# confirmation email?



## Recoil (Jan 11, 2009)

bruce333 said:


> Welcome aboard!
> 
> **Please check your email (maybe the spam folder. for "kimber1911"), you have to click the link in the email the forum sent you when you signed up to confirm your email address, that will complete the forum registration process. Until you do that, this will be your only post.**


All folders checked and no email from you. I am subscribed to over a dozen forums (yeah I know, I'm addicted) and no problems. Do you know if you have ever had any problems with Comcast? The only thing I can think of is my isp spam killed it before it ever reached me. Is it possible to resend the email or can I change my email to another?


----------



## js (Jun 29, 2006)

Recoil said:


> All folders checked and no email from you. I am subscribed to over a dozen forums (yeah I know, I'm addicted) and no problems. Do you know if you have ever had any problems with Comcast? The only thing I can think of is my isp spam killed it before it ever reached me. Is it possible to resend the email or can I change my email to another?

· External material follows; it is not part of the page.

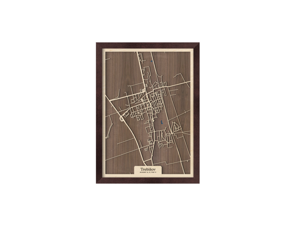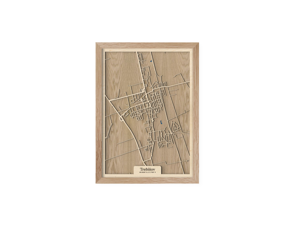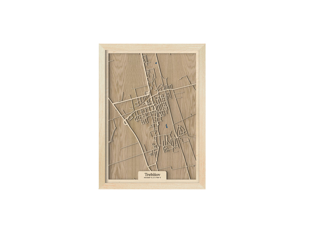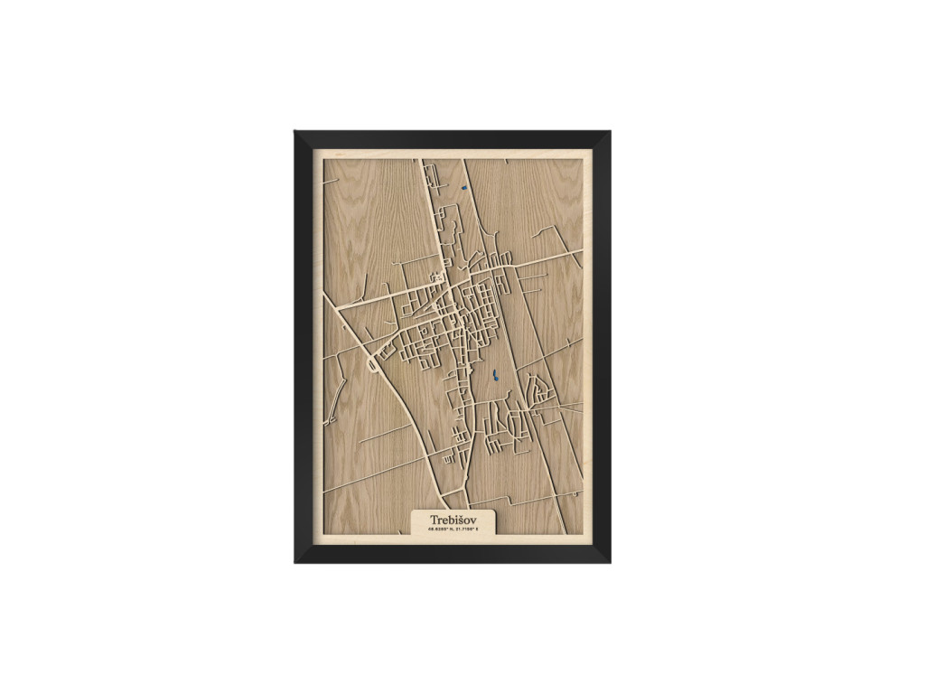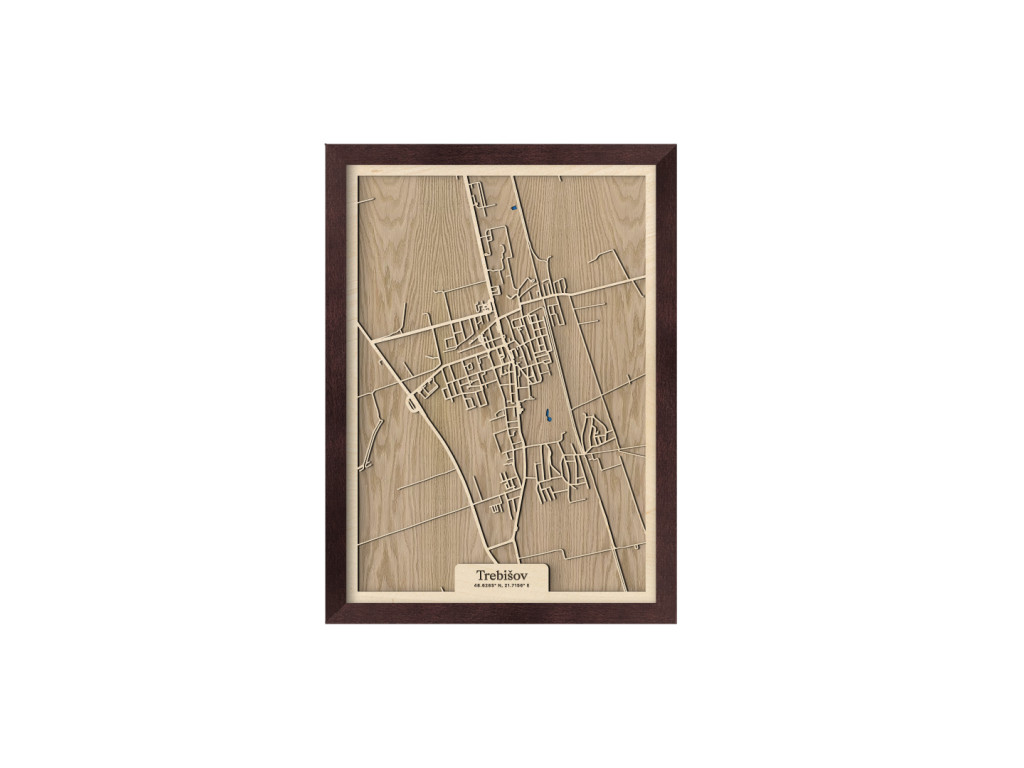 Pokúsili sme sa zarámovať centrum južného Zemplína spolu so všetkými jeho krásami. Čo myslíte, podarilo sa nám to? Drevený obraz Trebišov z kolekcie drevko CITY tak zveční časti Milhostov, Čonkáš, letisko, Nová a Stará Koronč, centrum, Mestský park s modrým jazerom uprostred, Paričov a cestu M. R. Štefánika či Komenského. Spleť ulíc Trebišova veľkostne aj farebne vyskladáme na mieru tak, aby sa dokonale hodila do vášho interiéru.

yahoo, hotmail and comcast = pain in the ass. 

You're good to go though, enjoy the forum.


----------



## Recoil (Jan 11, 2009)

js said:


> yahoo, hotmail and comcast = pain in the ass.
> 
> You're good to go though, enjoy the forum.


Thank you for the help. I did investigate a little deeper in my Comcast account and see the default spam setting is to just filter spam (as they see it) without me ever seeing it. I changed that so I can see it all and delete when I want to.


----------